1) The provided equation is a first-order nonlinear ordinary differential equation in the form of dy/dx = (x^2 -1) / (3y^2), which can be written as 3y^2 dy/dx = x^2 - 1.

2) Recognizing that this equation is of the method of separable variables because each side of the equation includes only one of the variables (x's and y's). To solve this equation, we will aim to express it in the form Y(y) dy = X(x) dx, which can then be integrated each side separately.

3) Rearrange the equation to have all terms involving x and dx on one side, and all terms involving y and dy on the other: 3y^2 dy = (x^2 - 1) dx

4) The differential equation is now in separable form and we can integrate both sides separately:
The integral of (3y^2) dy = y^3 + C (where C is the constant)
The integral of (x^2 - 1) dx = (x^3/ 3) - x + D (where D is another constant)

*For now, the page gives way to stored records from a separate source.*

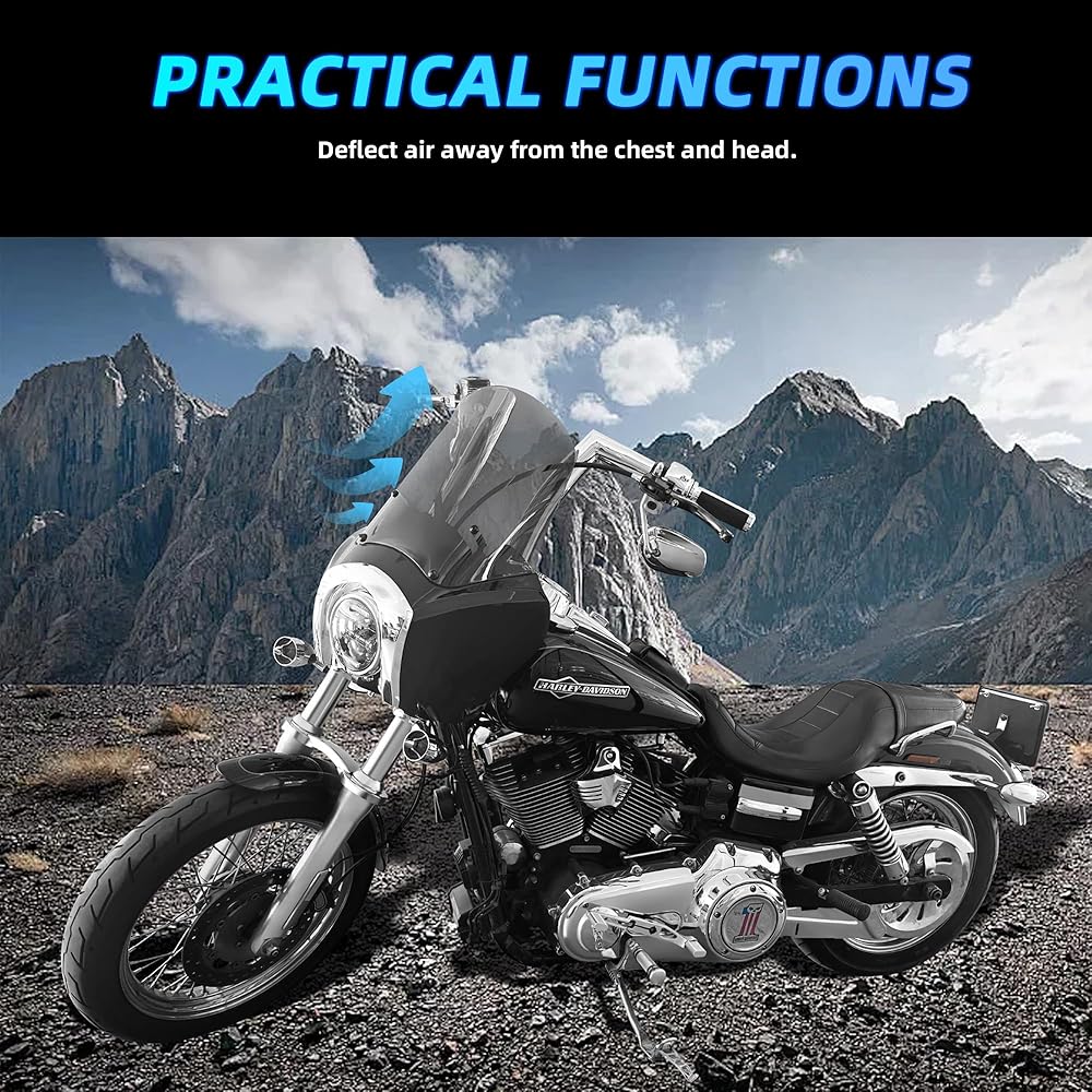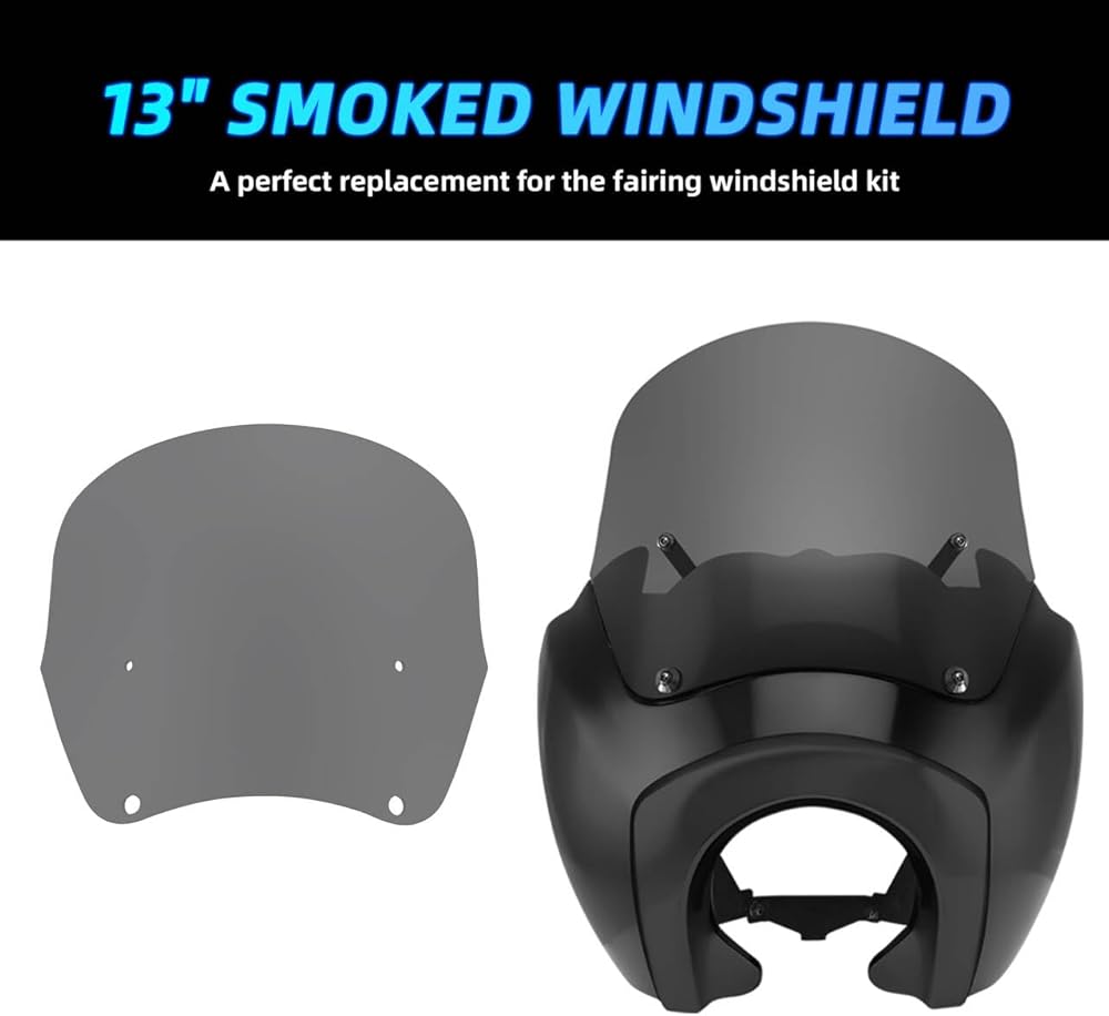 • Custom Fit: 13” smoked motorcycle windshield, compatible with Harley T-Sport fairing windshield kit
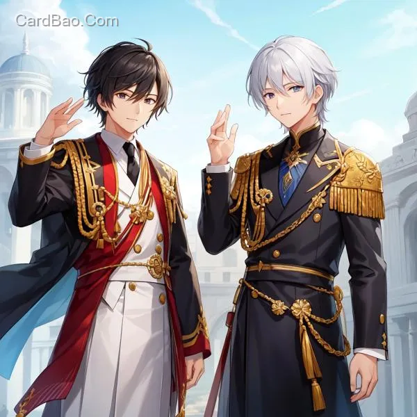 Based on the provided photo, draw a handsome young male scholar from ancient times waving goodbye to his friend. Include the friend in the picture, but keep the focus on the scholar. The scholar should be facing his friend, in a beautiful anime-inspired style. During the creative process, ensure that the scholar's demeanor and expression are portrayed, as well as the deep bond between the friends, while making sure the scholar's expression is not too sorrowful.
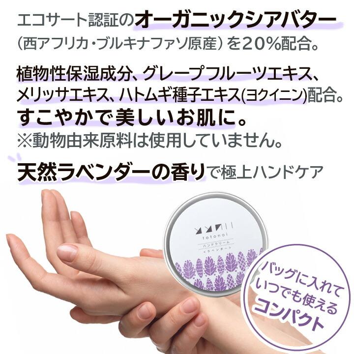 【こだわりポイント】エコサート認証 オーガニック シアバター 20%配合、しっとり 手肌に。しっかり保湿しつつ、べたつかないハンドクリーム。ネイルもつやつやに仕上げます。最後まで使い切れるコンパクトなアルミジャー入り。アルコール消毒による手荒れが気になる方に。お肌に優しい無添加(合成香料、着色料)。天然ラベンダー精油のナチュラルな香りでリラックス効果も
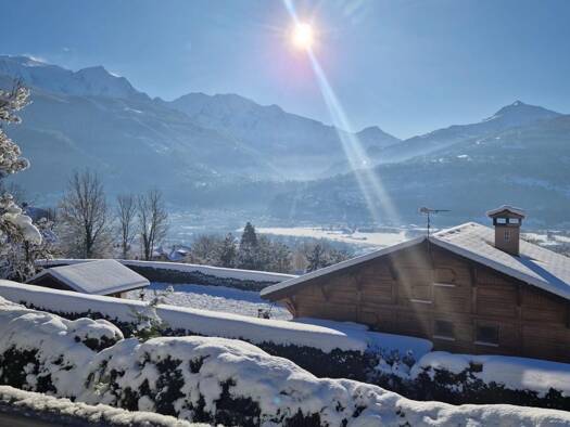 Chalet independent de 196 m² sur un terrain de 1 218 m², offrant des vues plein sud exceptionnelles sur le glacier des Bossons et le massif du Mont-Blanc.
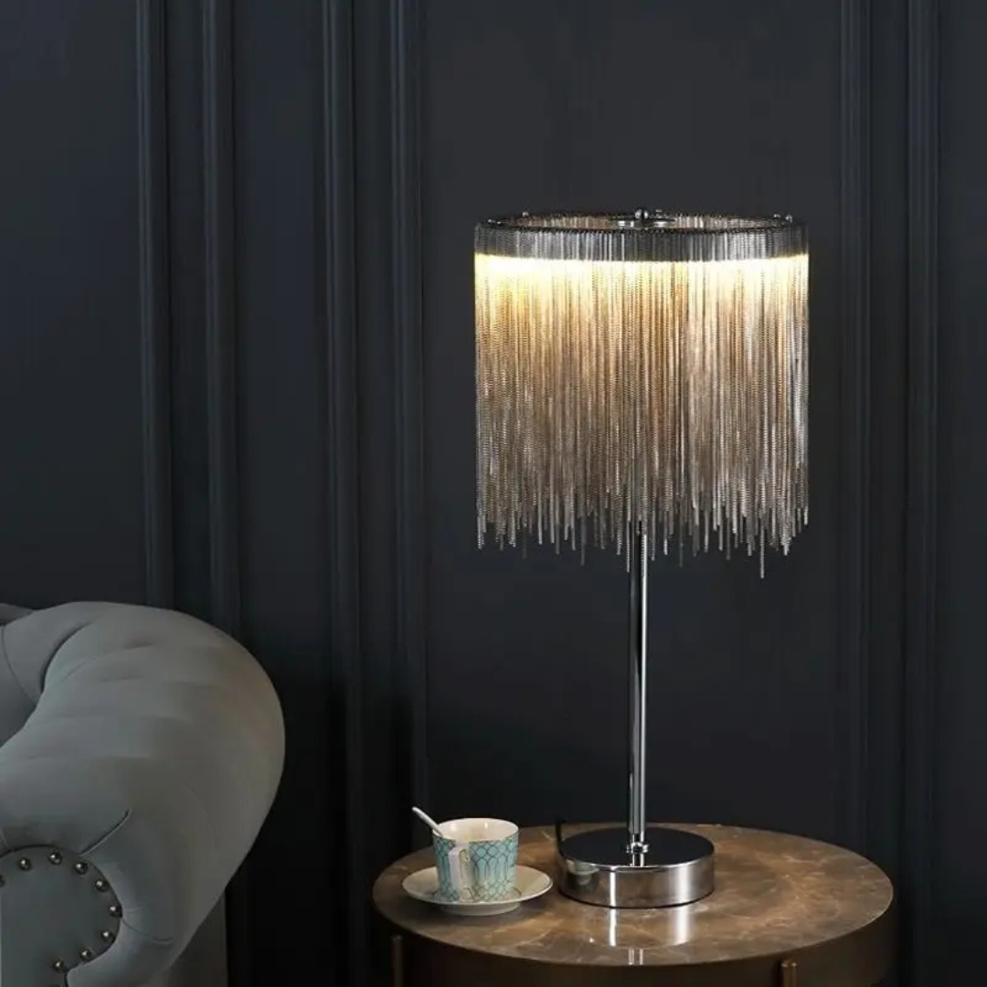 Apportez du charme et du raffinement à votre intérieur avec la Lampe chevet élégante Drop. Inspirée des guirlandes et chaînes élégantes, cette lampe de table en Tunisie crée une ambiance romantique et mystérieuse. Son design unique attire immédiatement l’attention. De plus, elle allie style et fonctionnalité.

5) We can then set both sides of the equation equal to each other to solve for y in terms of x. However, the C and D constants are irrelevant as they will collapse into a single constant E when we subtract one side from the other:

y^3 = (x^3/ 3) - x + E

6) Having got this far, we now need to use the initial condition provided, f(3) = 2, to solve for E:

2^3 = (3^3/ 3) - 3 + E
E = 8 - 9 + 3
E = 2

So,

y^3 = (x^3/ 3) - x + 2

7) Simplifying gives:

y = [(x^3/ 3) - x + 2]^(1/3)

So the particular solution which satisfies the initial condition f(3) = 2 is y = [(x^3/ 3) - x + 2]^(1/3)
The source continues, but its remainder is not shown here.